A full discussion of Itanium micro architecture features is out of the scope of this article, but a brief summary is in order. At this point, the architecture is most notable for what most sets it apart from the legacy of IA32, a 64-bit address space. In other respects too, it's a very different beast. The compiler plays a larger performance role. The new instruction set was designed for high exposure of instruction level parallelism (ILP), and the compiler exposes this parallelism. Itanium2®-based implementations have been designed with very large and fast caches, to the benefit of server applications. Brief details on Itanium processor specific features are outlined in the table below, full details can be found in the Intel Itanium Architecture Software Developer's Manual.

Table 3. Architectural features and comments

Architectural Feature Comments
Register Stack Engine 128 integer and 128 floating point registers. The compiler is afforded much more flexibility by having access to a large register set. The stack provides for fast procedure calls by passing arguments in registers as opposed to the stack.
Predication Instructions, including branches and memory operations, can be explicitly predicted on specific conditions. For instance, this allows if-then blocks to be laid out flat in IA64 assembly without branch instructions, reducing misprediction.
Large High Speed Cache At present, Itanium2 processors offer on-die L3 cache sizes as large as 6MB. The 6MB cache in turns offers very low latencies, as low as 14 cycles for integer operations.
ILP ILP allows independent instructions to be scheduled on a large number of available functional units in bundles 3 instructions wide. On Itanium2 processors, 2 instruction bundles can be executed per clock, for a maximum of six instruction issues per clock.
Data Speculation C/C++ optimization can be difficult for compilers since it is difficult to disambiguate pointers, and the compiler must explicitly order memory operations for the worst case. Advanced loads allow the compiler to hoist operations that can't be disambiguated further back in the instruction sequence. This allows memory latency to be hidden behind intervening instruction issue before the data is utilized.
Control speculation With the same goal of hiding latency, the compiler is also given the flexibility of scheduling a load instruction before a branch that precedes it.
Performance Monitoring Itanium architecture implementations have the richest set of performance counters on any Intel architecture.

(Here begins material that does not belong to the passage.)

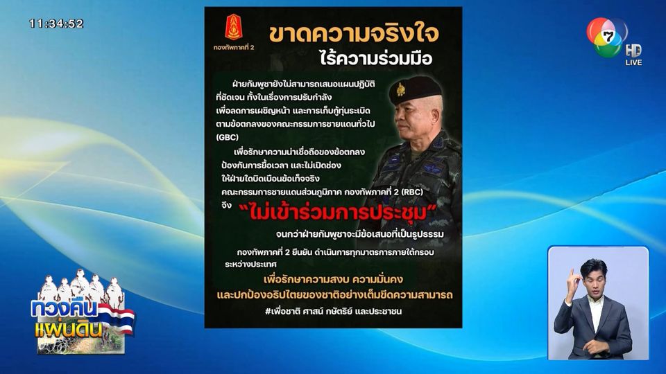 ห้องข่าวภาคเที่ยง - ส่วนการแก้ปัญหาชายแดนไทย-กัมพูชา ที่ล่าสุดเวทีการประชุม RBC ระหว่างกองทัพภาคที่ 2 กับภูมิภาคทหารที่ 4 ของกัมพูชา ต้องล้มโต๊ะถกกันไปแบบไม่มีกำหนด เหตุเพราะกัมพูชา ไร้ความจริงใจ ไม่เสนอแผนปฏิบัติถอนอาวุธและเก็บกู้ทุ่นระเบิด ด้าน กัมพูชา อัดคลิปออกมาโวย ไทยไม่มาประชุม จนต้องรื้อเต็นท์

These counters allow developers to quickly determine the exact cause of performance bottlenecks using tools like Intel's VTune Performance Analyzer tool. In fact, the Microsoft SQL group identified and eliminated performance bottlenecks with Itanium processor counters that have long existed in SQL source code, unable to be exposed in any other way.

Toolset specifics

As explained above, Windows Server 2003 for Itanium processors provides native execution for SQL and a 32-bit execution environment, but there are certainly development needs for providing native 64-bit applications that share Itanium processor platforms with SQL. The freely available Windows Platform Development Kit (PSDK) provides the 64-bit Windows development environment to make this happen. Included in the PDSK are the complete 64-bit compiler toolset and a couple of 64-bit debuggers. Porting issues are succinctly summarized elsewhere in a great article by Stan Murawski, Beyond Windows XP: Get Ready Now for the Upcoming 64-bit Version of Windows. The article includes details about data types, alignment issues, and a method for getting IA32 builds to coexist with IA64 builds in Visual Studio projects. While the article and the PSDK documentation are excellent primers on the porting, the Itanium processor 64-bit compilation environment is an evolution of compiler technology and warrants additional discussion.

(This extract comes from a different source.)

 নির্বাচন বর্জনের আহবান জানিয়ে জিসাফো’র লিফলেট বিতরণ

The IA64 instruction set was designed with a goal of putting much more capability in the hands of the compiler. The Itanium compiler now has the flexibility to issue control or data speculation for hiding memory latency and instruction predication to avoid branch misprediction, the two largest limiters to high performance program execution (additional details of the Itanium architecture are also summarized in the Itanium Architectural Feature section below.

  • PoGO
  • WPO/Global scheduling
  • Memory hierarchy optimizations (cache line width and cache size)
  • Branch optimizations
  • Prediction
  • Speculation
  • Loop unrolling
  • Object oriented optimizations
  • Rich intrinsic support

Itanium architecture was the development platform for a couple of key technologies, Whole Program Optimization (WPO) and Profile Guided Optimization (PoGO), and these features are fully supported in the PSDK available toolsets. Documentation can be found in the *readme.*doc file in the bin\Win64 subdirectory of the PSDK installation directory. It is highly recommended that this document be reviewed in order to understand the rich feature set of the IA64 compiler.

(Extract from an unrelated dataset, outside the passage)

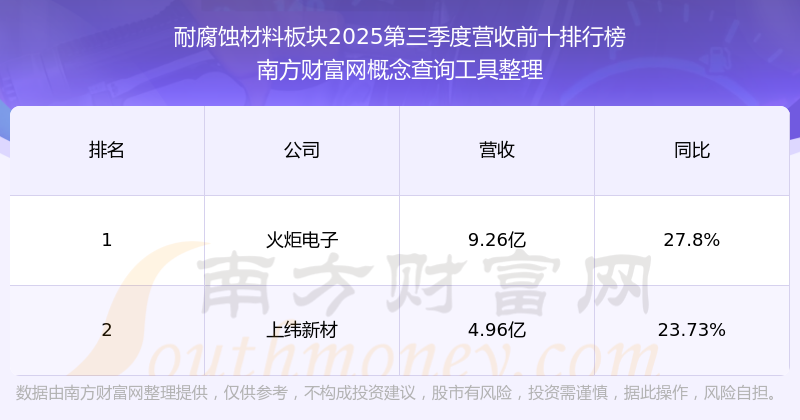 按照南方财富网概念查询工具统计,该股所属板块为耐腐蚀材料板块,该板块共有2只股票,上纬新材2025第三季度营收在该板块中排名为第2名,该板块2025第三季度营收排名前十的股票如下表:

WPO allows global optimizations instead of local procedural scoped optimizations. This capability enables such optimizations as inlining and custom calling conventions that reduce procedure prologue and epilog overheads. PoGO optimizations should be used by every application built natively for Itanium processors because performance gains in the 20-40% range above basic /Ox optimizations are realistic expectations. Essentially, PoGO uses runtime profile information and heuristics to make intelligent choices about inlining and branch behavior in an executable. PoGO optimization requires an additional flag during object compilation, /GL. Two link phases are then required, one with /LTCG:pgi and one with /LTCG:pgo. A profile of the runtime codepath behavior in the executable is collected with typical input parameters after the first data phase and fed into the second link phase. Keep in mind, PoGO is not a requirement for execution and can easily be left to the late stages of the development process.

Large virtual pages

Another issue Itanium processor developers should be aware of: large 64-bit virtual address spaces don't come free. This isn't anything new, and it's a locality issue. It's also as much an issue for 32-bit systems as 64-bit systems, but 64-bit systems, generally speaking, work with much larger amounts of memory. For instance, in the familiar example that follows, there can be huge performance implications:

Sequence A Sequence B Sequence C
int sum = 0;

char array[][JEND];

for (i = 0; i < IEND; i++) {

for (j = 0; j < JEND; j++) {

sum += array[i][j];

}

}

int sum = 0;

char array[][JEND];

for (j = 0; j < JEND; j++) {

for (i = 0; i < IEND; i++) {

sum += array[i][j];

}

}

int sum = 0;

char array[][PAGESIZE];

for (i = 0; j < IEND; i++) {

for (j = 0; i < JEND; j++) {

sum += array[i][j];

}

}

Sequence B is equivalent to Sequence A, but contains limited data locality due to the way that C/C++ calculates adjacent array references. Depending on the execution environment and dimensional widths, Sequence B might execute several orders of magnitude slower than Sequence A, because all array accesses in Sequence A reference adjacent array members, guaranteeing cache locality.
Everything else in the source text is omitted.